The results of our study shed light on the long-term effects after completion of successful medical treatment for TB and highlight the significance of continued monitoring and management of lung health in post-TB patients. The prevalence of abnormalities in lung function observed in our cohort is striking, emphasizing the need for comprehensive care beyond the completion of TB treatment. Nearly 70% of the enrolled patients displayed abnormal CXRs, with fibrosis being a prominent feature in almost half of these cases. One of the key findings of our study is the association between the CXR severity scoring and lung function abnormalities. With every unit increase in severity scoring, there was a 4.4% reduction in the percentage of predicted FEV₁, a 2.5% reduction in the percentage of predicted FVC, a 5.5% reduction in the percentage of predicted FEF25-75 (suggesting maximal impact on small airways), and a 0.85% drop in the oxygen saturation in the 6MWT. When radiological abnormalities were present after successful completion of TB treatment, we observed greater odds of 1.79 and 2.94 for low FVC and low FEV₁, respectively. These findings indicate the enduring impact of TB on lung tissue, leading to structural abnormalities that affect lung function. Spirometry revealed that almost 70% of the patients exhibited abnormal results. What makes these findings even more intriguing is the diverse range of patterns observed, including obstructive and restrictive patterns. In addition, 62.2% of the patients, of whom 80% were females, had abnormal DLCO, suggesting significant impairment of their diffusing capacity. Further, nearly 60% had a drop in saturation (1–4%) in the 6MWT, demonstrating diverse lung involvement in post-TB sequelae presentations, complicating the long-term consequences.

In our study, we observed that patients with abnormal CXRs experienced lower lung function as measured by spirometry, and this correlation was directly proportional to the severity of lung involvement seen in the CXRs. The link between abnormal CXRs and significant airflow limitation supports the notion that structural lesions, such as fibrosis and bronchiectasis, play a crucial role in compromising lung function. Unlike our study, Saldana et al. found that there was a 2.92% decrease in the percentage of predicted FEV₁, with every unit increase in the CXR severity score [22]. Even though we used the same CXR severity scoring, our study found greater reduction in the FEV₁ (a 4.45% decrease). This could be due to differences in demographics, comorbidities, proportion of smokers and pack-years, MDR-TB patients, and HIV-infected individuals, and time elapsed between the end of treatment and inclusion in the study.
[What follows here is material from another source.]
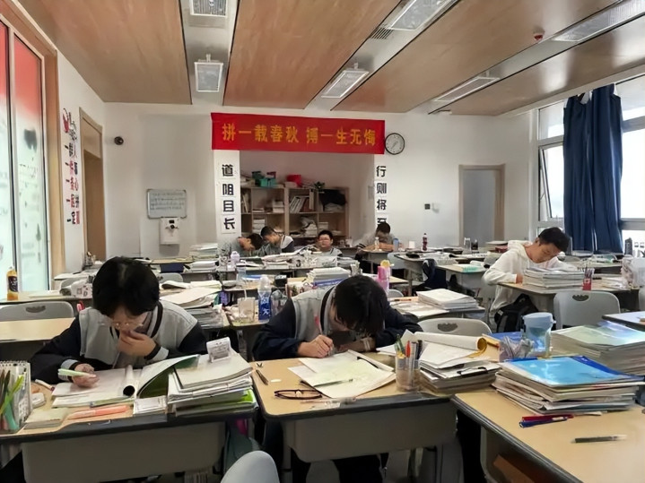 日间在学校上课,晚上回家要刷地生的习题、背知识点、作念模拟卷,周末要上补课班、冲刺班。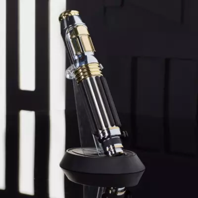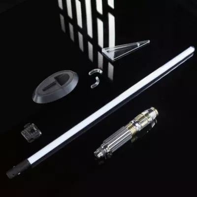 Dieses Laserschwert wurde speziell für Mace Windu angefertigt. Die elegante Waffe aus zivilisierteren Tagen weist einen detaillierten Griff auf, der die enthaltene Klinge in Lila erstrahlen lässt und dieses Modell zu einem unschlagbaren Sammlerstück macht. Das Set wird mit einem Ständer und einem Gürtelclip für das Laserschwert geliefert.

Limited studies on DLCO in post-tuberculous patients have reported a decrease in DLCO levels. A study in Brazil with 36 patients found a mean DLCO ranging from 74.1% to 78.8%, while an Indian study revealed that 69% had reduced DLCO of mild to severe grade but did not show female predilection, unlike our study [23]. Interestingly, a female gender predilection for low DLCO was observed in a study of 292 patients, with 116 females having a low DLCO compared to 80 males [24]. Biomass exposure in low- and middle-income countries and late presentation may contribute to the observed gender susceptibility for greater pulmonary diffusion impairment [25]. Late presentation in post-tuberculous patients could be influenced by various factors, including social norms, anemia, malnutrition, and limited access to healthcare for women [26]. Additionally, though not evaluated in tuberculosis, sex steroids may play a role in greater interstitial involvement and delayed healing, leading to greater diffusion defects among women, as observed in previous studies that have evaluated other interstitial and chronic lung diseases [38,39,40,41,42]. Overall, more research is needed to better understand impaired DLCO in post-tuberculous patients and the influence of gender-related factors.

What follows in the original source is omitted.